Design/methodology/approach
A selection of 85 articles on organizational change was made, published in top tier journals in 2010. The authors conducted a reference analysis based on 18 prominent organization theories and their main contributing authors.
Findings
The findings show firstly a very strong theoretical selectivity, focusing on cognitive, learning, and neo-institutional theories. Other theories are almost fully neglected. Secondly, this analysis suggests that current OCR struggles hard with transforming the cognitive frames of topical OT into fruitful accesses to the own object. The resulting theory application appears as a dissatisfying escape strategy, performed to cover theoretical antagonisms and to avoid a deeper confrontation with the underlying assumptions of OCR.
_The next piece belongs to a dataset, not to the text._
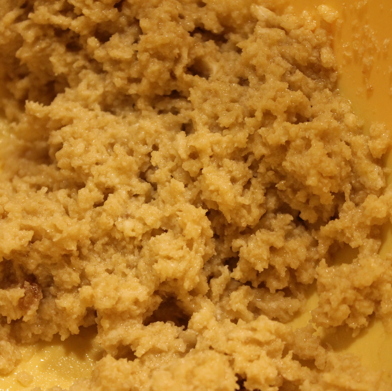 Add the flour mixture to the butter mixture and mix until combined. Mine looked very very crumbly. So if yours looks like this, don’t panic.

Research limitations/implications
The authors are fully aware that the depth of their analysis is worth broadening. A more comparable scope in the amount of the theories, journals, articles, and of the covered time span would help to substantiate their results.
Practical implications
Pragmatic change approaches rely strongly on organizational change research. If OCR itself is not topical in terms of using available theoretical knowledge, pragmatic approaches fail to stand on solid ground. The paper therefore provides a background for the link between failing empirical change projects and the usage of available scientific knowledge.
Originality/value
An analysis of the organization theoretical topicality of organizational change research is completely missing. The paper therefore not only contributes to the discovery of a blind spot in organizational studies, it possibly helps to explore the reasons for the high percentage of failing change projects.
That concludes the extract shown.